- **EXERCISE**:
Your job is to retype all of the data word for word, leaving every image out.
◆ ◆ ◆ ◆ ◆ ◆ ◆
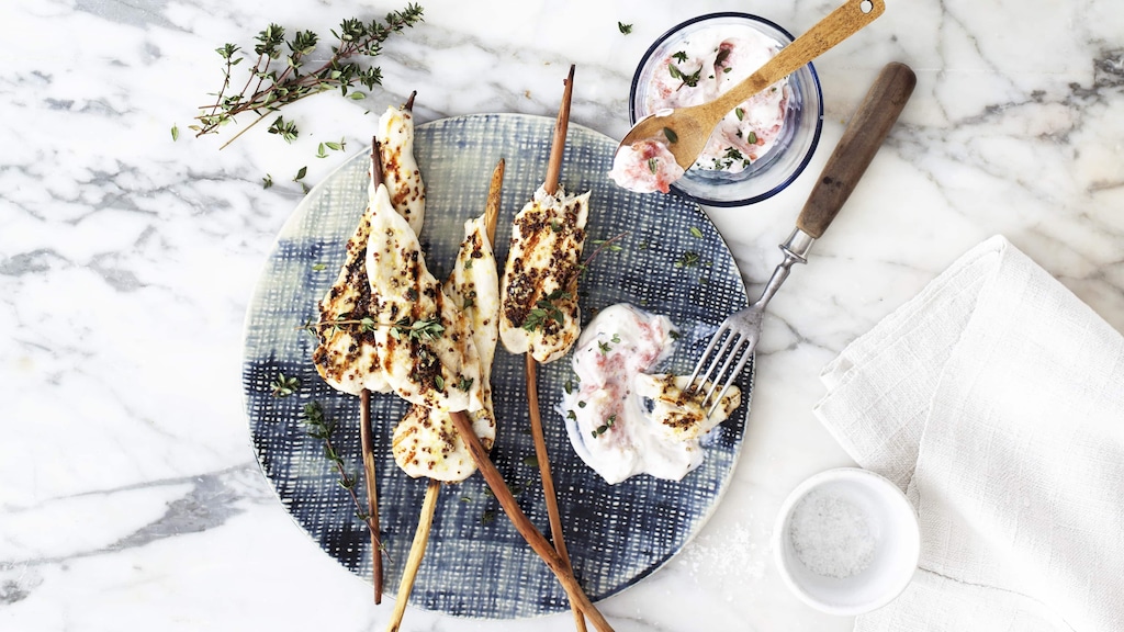 Sticks mit Salz und Pfeffer würzen und auf dem heißen Grill von jeder Seite 2–3 Minuten grillen. Feigenjoghurt dazu reichen.
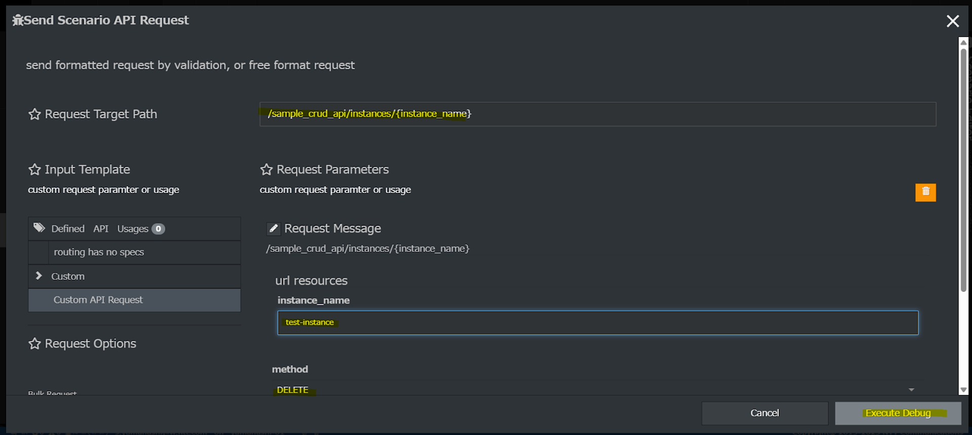 DELETE | 該当のComputeEngineインスタンスを削除する | /sample_crud_api/instances/{instance_name} | DELETE | - | 200 OK |
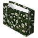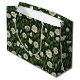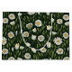 Seamless pattern of white and yellow daisies interspersed with green foliage against a dark forest green background.
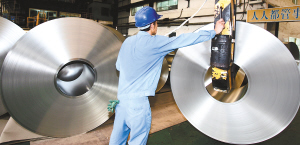 今天上午,海南海宇锡板工业有限公司生产车间里机器轰鸣,两条生产线和剪切生产线、涂漆生产线、彩印生产线都在开足马力生产,公司的仓库和车间已堆满了成品和半成品。
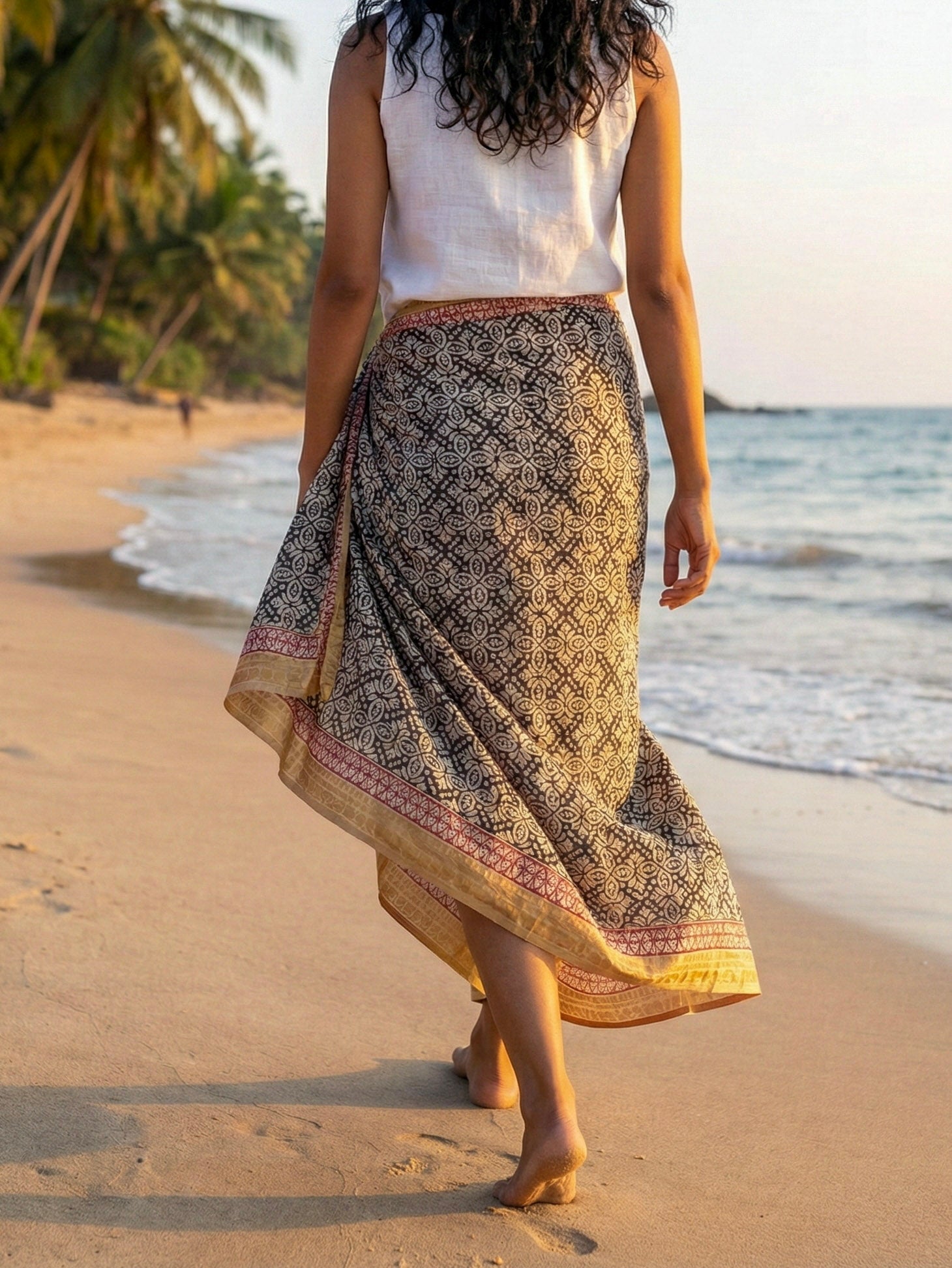 Ideal for seaside escapes, Goa-inspired holidays, yoga retreats, or everyday boho styling, this sarong pairs effortlessly with crop tops, bralettes, or relaxed shirts.
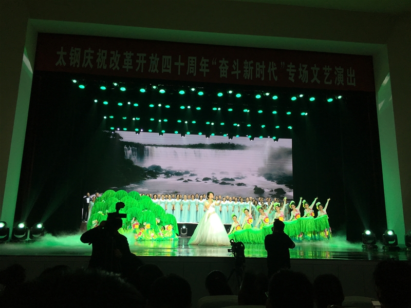 如果說(shuō)參觀活動(dòng)是開胃菜,其后的太鋼慶祝改革開放四十周年奮斗新時(shí)代專場(chǎng)文藝演出,則更讓代表們感受到太鋼職工深厚壯美的精神底蘊(yùn)。開場(chǎng)節(jié)目《黃河鼓韻》把觀眾帶入到大浪滔滔、奔騰呼嘯的黃河壺口,黃土高原的古謠,把人們的神思帶到了磅礴廣闊的黃河呂梁。鼓槌輕擊,似安靜水流;鼓槌揚(yáng)起,似萬(wàn)滔奔鳴。傳統(tǒng)鼓樂(lè)竟如歌如訴,編排之美妙使人心曠神怡。太鋼職工表演的群口快板節(jié)目,把太鋼四十年發(fā)展變化巧妙穿插在丈母娘與四個(gè)女婿的笑語(yǔ)對(duì)話中,又見匠心之妙。所有的節(jié)目編排精美,大氣沉美,充分展示了太鋼職工高品位的文藝素養(yǎng),文明禮儀的深厚積淀,折射出太鋼職工對(duì)于生活的熱愛,對(duì)于真善美的藝術(shù)追求,以及太鋼職工雙手創(chuàng)造的幸福文化生活。詢問(wèn)得知,太鋼文藝協(xié)會(huì)有作協(xié)、美協(xié)、書法、攝影、舞蹈、體育等八個(gè)分會(huì)之多,文藝人才門類齊全,文藝活動(dòng)豐富多彩。
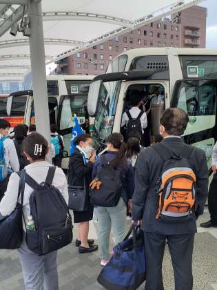 11時15分、観光バスに乗り換えて法隆寺に向かいます。こちらは曇りです。
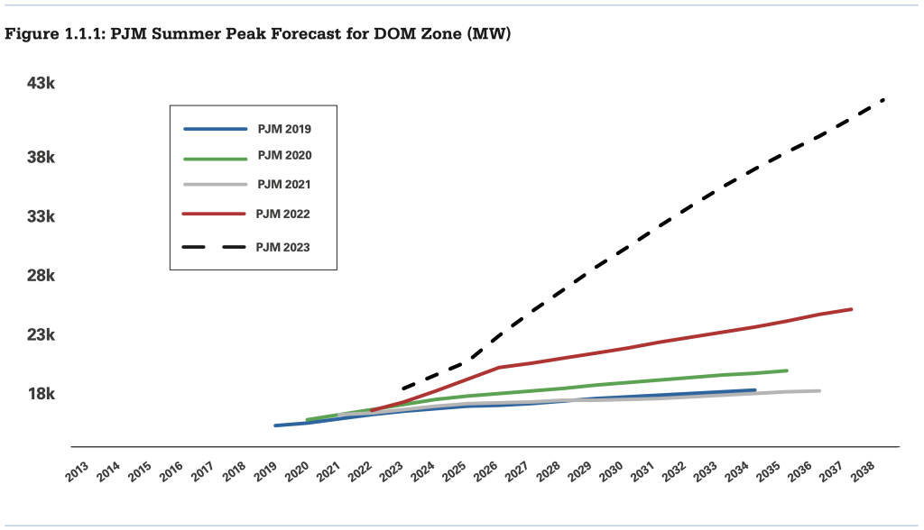 Figure 2. The rapid growth of Datacenters in Northern Virginia has required utilities to increase their future power needs estimates. For Dominion Energy the 2030 estimate has increase by 12GW in the short period from 2019 to 2023.
◆ ◆ ◆ ◆ ◆ ◆ ◆
- **ANSWER SECTION**:
 Sticks mit Salz und Pfeffer würzen und auf dem heißen Grill von jeder Seite 2–3 Minuten grillen. Feigenjoghurt dazu reichen.
 DELETE | 該当のComputeEngineインスタンスを削除する | /sample_crud_api/instances/{instance_name} | DELETE | - | 200 OK |
 Seamless pattern of white and yellow daisies interspersed with green foliage against a dark forest green background.
 今天上午,海南海宇锡板工业有限公司生产车间里机器轰鸣,两条生产线和剪切生产线、涂漆生产线、彩印生产线都在开足马力生产,公司的仓库和车间已堆满了成品和半成品。
 Ideal for seaside escapes, Goa-inspired holidays, yoga retreats, or everyday boho styling, this sarong pairs effortlessly with crop tops, bralettes, or relaxed shirts.
 如果說(shuō)參觀活動(dòng)是開胃菜,其后的太鋼慶祝改革開放四十周年奮斗新時(shí)代專場(chǎng)文藝演出,則更讓代表們感受到太鋼職工深厚壯美的精神底蘊(yùn)。開場(chǎng)節(jié)目《黃河鼓韻》把觀眾帶入到大浪滔滔、奔騰呼嘯的黃河壺口,黃土高原的古謠,把人們的神思帶到了磅礴廣闊的黃河呂梁。鼓槌輕擊,似安靜水流;鼓槌揚(yáng)起,似萬(wàn)滔奔鳴。傳統(tǒng)鼓樂(lè)竟如歌如訴,編排之美妙使人心曠神怡。太鋼職工表演的群口快板節(jié)目,把太鋼四十年發(fā)展變化巧妙穿插在丈母娘與四個(gè)女婿的笑語(yǔ)對(duì)話中,又見匠心之妙。所有的節(jié)目編排精美,大氣沉美,充分展示了太鋼職工高品位的文藝素養(yǎng),文明禮儀的深厚積淀,折射出太鋼職工對(duì)于生活的熱愛,對(duì)于真善美的藝術(shù)追求,以及太鋼職工雙手創(chuàng)造的幸福文化生活。詢問(wèn)得知,太鋼文藝協(xié)會(huì)有作協(xié)、美協(xié)、書法、攝影、舞蹈、體育等八個(gè)分會(huì)之多,文藝人才門類齊全,文藝活動(dòng)豐富多彩。
 11時15分、観光バスに乗り換えて法隆寺に向かいます。こちらは曇りです。
 Figure 2. The rapid growth of Datacenters in Northern Virginia has required utilities to increase their future power needs estimates. For Dominion Energy the 2030 estimate has increase by 12GW in the short period from 2019 to 2023.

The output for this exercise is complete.